As we just established, class methods are really just instance methods on the singleton class of the class object. Does this mean that we can just include a module into the singleton class to add a bunch of class methods? Yes, it does!
module M
def new_instance_method; "hi"; end
module ClassMethods
def new_class_method; "hello"; end
end
end
class HostKlass
include M
self.singleton_class.include M::ClassMethods
end
HostKlass.new_class_method
#=> "hello"
This self.singleton_class.include M::ClassMethods line does not look very nice, so Ruby added Object#extend, which does the same – i.e. includes a module into the singleton class of the object:
class HostKlass
include M
extend M::ClassMethods
end
HostKlass.singleton_class.included_modules
#=> [M::ClassMethods, Kernel]
# ^ there it is!
Moving the extend call into the module
This previous example is not well-structured code, for two reasons:
We now have to call both include and extend in the HostClass definition to get our module included properly. This can get very cumbersome if you have to include lots of similar modules.
HostClass directly references M::ClassMethods, which is an implementation detail of the module M that HostClass should not need to know or care about.
So how about this: when we call include on the first line, we somehow notify the module that it has been included, and also give it our class object, so that it can call extend itself. This way, it's the module's job to add the class methods if it wants to.
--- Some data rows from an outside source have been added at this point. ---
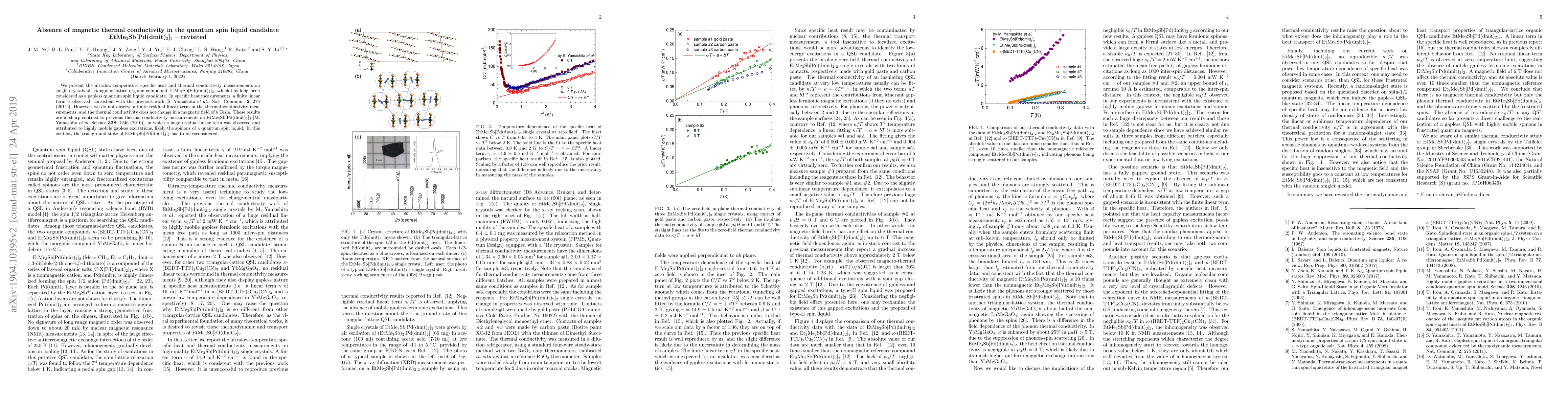 This study revisits EtMe$_3$Sb[Pd(dmit)$_2$]$_2$, a candidate for a gapless quantum spin liquid, finding no residual linear term in thermal conductivity and no change under magnetic fields, contrasting previous reports of significant thermal conductivity attributed to spinons. The findings suggest a reevaluation of the compound's ground state.
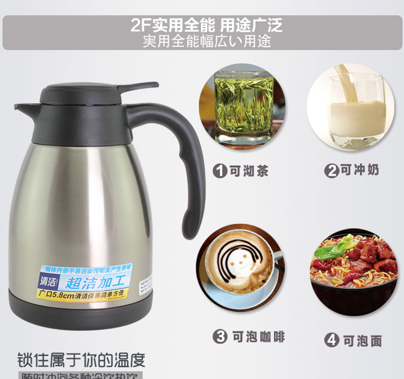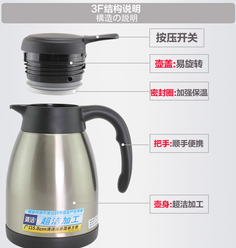 虎牌桌面壶便携式热水瓶2L不锈钢保温瓶PWL-A20C
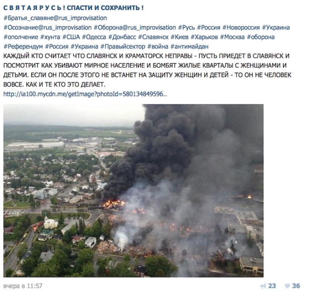 Групи сепаратистів у соцмережах поширили яскраву картинку про начебто потужні вибухи у Слов’янську, більше того, нібито у житлових кварталах, апелюючи до безпеки жінок і дітей. Кричущі тексти у супроводі до картинки поширилися на всі мережі.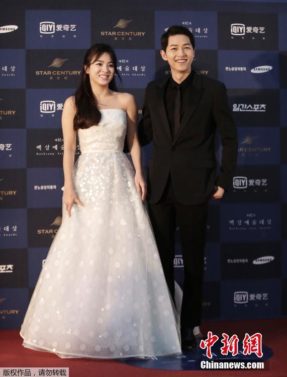 當(dāng)?shù)貢r間6月3日,韓國年度電視、電影盛事“第52屆百想藝術(shù)大獎”在韓國首爾的慶熙大學(xué)登場,宋仲基和宋慧喬憑借《太陽的后裔》一舉拿下人氣大獎。宋仲基更在臺上感動告白搭檔宋慧喬“謝謝在我身邊的宋慧喬”。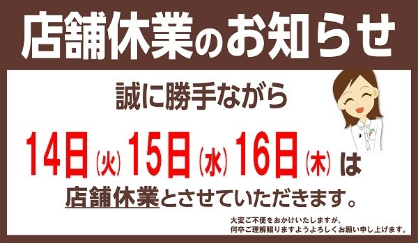 店舗休業のお知らせ! ポスト 2024年5月9日 こんにちは! いつも当店のWEBをご覧いただきありがとうございます 店舗休業のお知らせです ご不便をおかけお掛け致しますがご理解とご協力をよろしくお願いいたします。
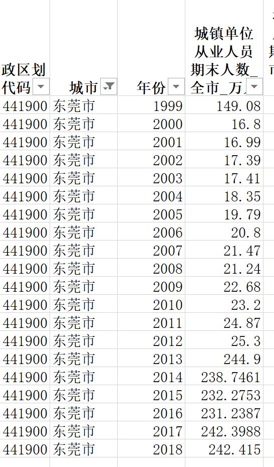 我最近有需要用到地级市从业人数,把单位从业人数和私营个体从业人数加总,数据来源是《中国城市年鉴》,随便看了几个城市,数据都有错误,比如东莞市单位从业人数,1999年是149.8万人,2000年就变成了16.8万人,2012年是25.3万人,2013年是24.9万人,很明显这个数据有问题。不知道小伙伴们都是如何处理这个从业人数问题的,求指教~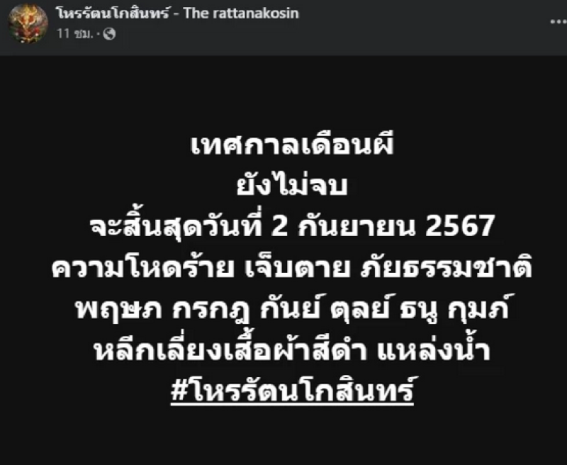 โหรรัตนโกสินทร์ เปิดดวง 6 ราศีต่อไปนี้ เทศกาลเดือนผี ยังไม่จบ ต้องระวังอันตรายจากสิ่งต่างๆ ความเจ็บป่วยจนถึงสิ้นเดือนนี้ รวมถึงภัยธรรมชาติและสิ่งชั่วร้ายอื่นๆ คำทำนายระบุว่า เทศกาลเดือนผียังไม่จบ จะสิ้นสุดวันที่ 2 กันยายน 2567 ความโหดร้าย เจ็บตาย ภัยธรรมชาติ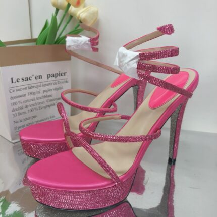 Yilu_High-quality exquisite water droplet-shaped rhinestone low-cut thin-soled pointed-toe shoes for women, Roman-style hollowed-out high-heeled women’s sandals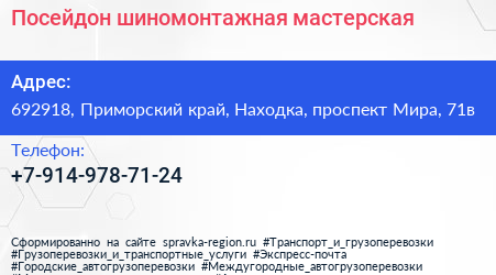 Посейдон, шиномонтажная мастерская по адресу 692918, Приморский край, Находка, проспект Мира, 71в в дальнейшем Организация, размещена в следующих категориях: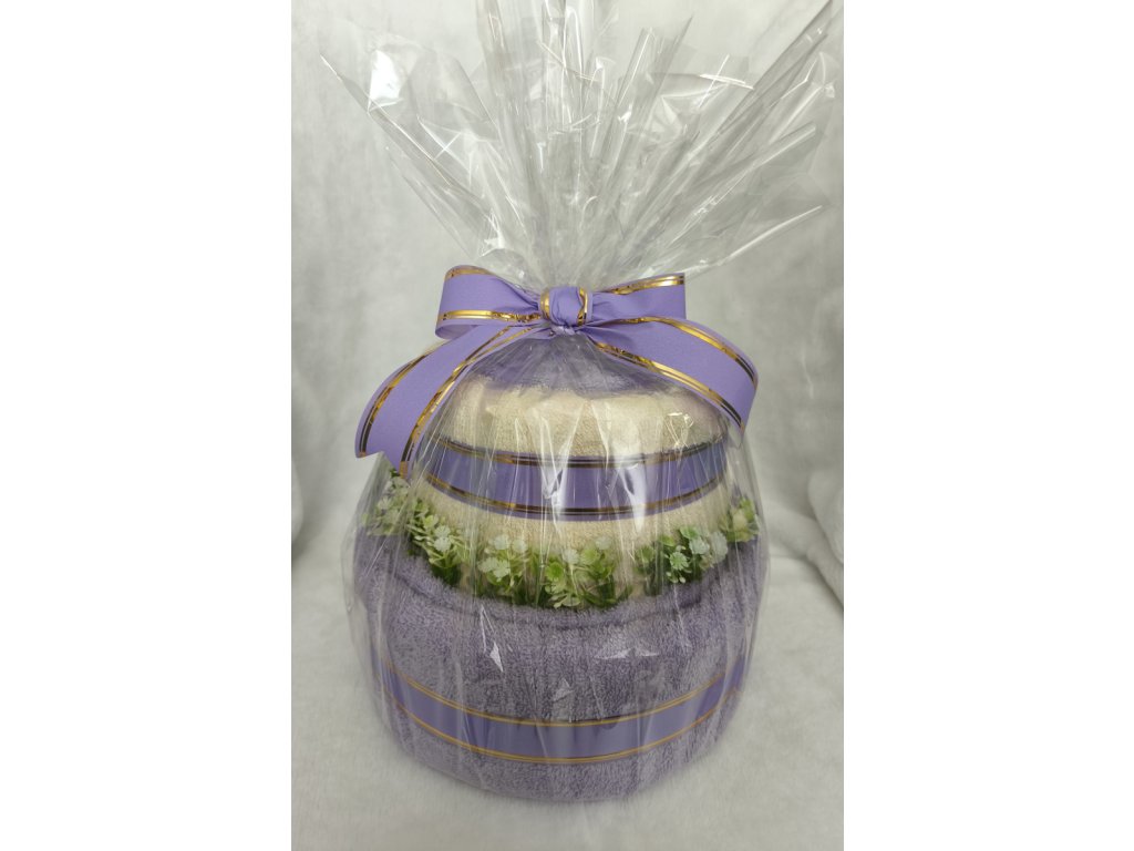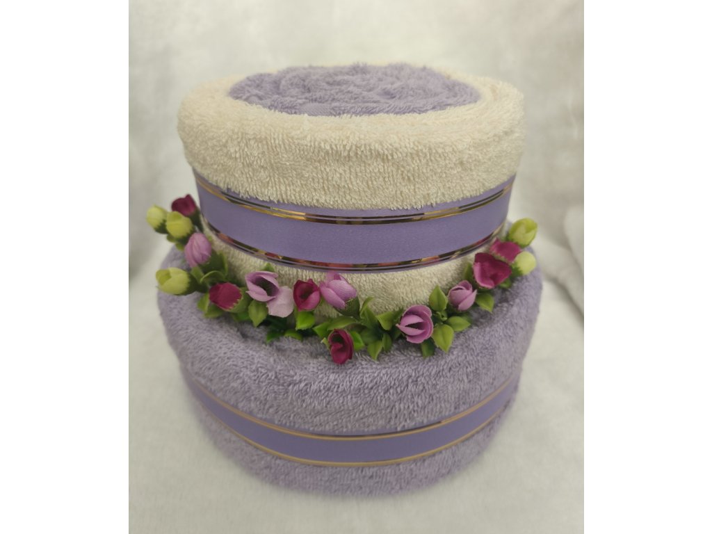 Torta obsahuje: 2 ks uterák Ema 50x100 cm, 2 ks osuška Ema 70x140 cm + dekorácia a aranžovanie.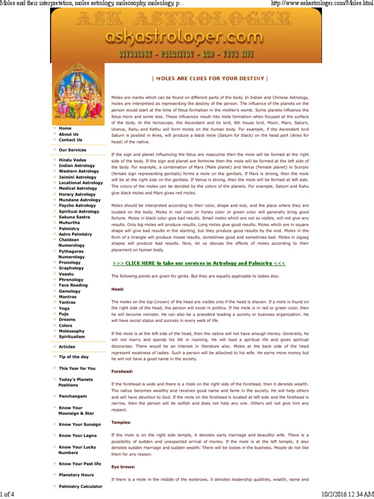 Lucky Moles on Face, Auspicious Facial Moles - Your Chinese Astrology Mole on Chin. The mole on chin is a symbol of wealth while the one around the chin suggests the rich fixed assets and good luck in real estate investment. People with such a mole are good at winning support from others and usually assisted by the pretty good subordinates. Though plain-looking, they are more likely to inherit a great legacy. 70 Moles on Different Body Parts and its Astrological Meanings Mole on Hands and Fingers Meaning- Right hand: Mole on the right hand for the female overall symbolizes meaning she is lucky to get a rich husband. The same is not the case with men. In addition, anyone with a mole on the right hand is a perfectionist and completes any task with precision. Mole Astrology for Female, Male - The Lucky Moles On Women's Body Mole Astrology for Female: As per astrology for females it should be identified on the left side of body. Each mole on the body indicates about YOGA (benefit / loss) and its meaning. If the mole is located on the right side for women it may show a little negative effect. We have to count the total moles from both sides and compare. Mole Meanings - Hidden Meanings of Moles on Body Mole on the right or left eyebrow of the female means that they will earn a lot of wealth. They will never feel any short of money in their life. There will be financial stability. However, they will tend to overspend the earned money. Know more about Yearly Horoscope @$ 14.99 Yearly Horoscope (Apr, 2022 - Apr, 2023) Raj Yog @$ 9.99
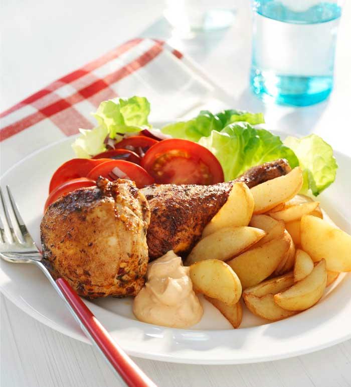 Hel kyckling med klyftpotatis
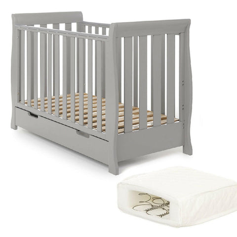Obaby Stamford Mini Sleigh Cot Bed with Drawer (Warm Grey)

This is exactly what the special self.included method is for. Ruby automatically calls this method whenever the module is included into another class (or module), and passes in the host class object as the first argument:
module M
def new_instance_method; "hi"; end
def self.included(base) # `base` is `HostClass` in our case
base.extend ClassMethods
end
module ClassMethods
def new_class_method; "hello"; end
end
end
class HostKlass
include M
def self.existing_class_method; "cool"; end
end
HostKlass.singleton_class.included_modules
#=> [M::ClassMethods, Kernel]
# ^ still there!
Of course, adding class methods is not the only thing we can do in self.included. We have the class object, so we can call any other (class) method on it:
def self.included(base) # `base` is `HostClass` in our case
base.existing_class_method
#=> "cool"
end
As Sergio mentioned in comments, for guys who are already in Rails (or don’t mind depending on Active Support), Concern is helpful here:
require 'active_support/concern'
module Common
extend ActiveSupport::Concern
def instance_method
puts "instance method here"
end
class_methods do
def class_method
puts "class method here"
end
end
end
class A
include Common
end
You can have your cake and eat it too by doing this:
module M
def self.included(base)
base.class_eval do # do anything you would do at class level
def self.doit #class method
##fred = "Flintstone"
"class method doit called"
end # class method define
def doit(str) #instance method
##common_var = "all instances"
#instance_var = str
"instance method doit called"
end
def get_them
[##common_var,#instance_var,##fred]
end
end # class_eval
end # included
end # module
class F; end
F.include M
F.doit # >> "class method doit called"
a = F.new
b = F.new
a.doit("Yo") # "instance method doit called"
b.doit("Ho") # "instance method doit called"
a.get_them # >> ["all instances", "Yo", "Flintstone"]
b.get_them # >> ["all instances", "Ho", "Flintstone"]
If you intend to add instance, and class variables, you will end up pulling out your hair as you will run into a bunch of broken code unless you do it this way.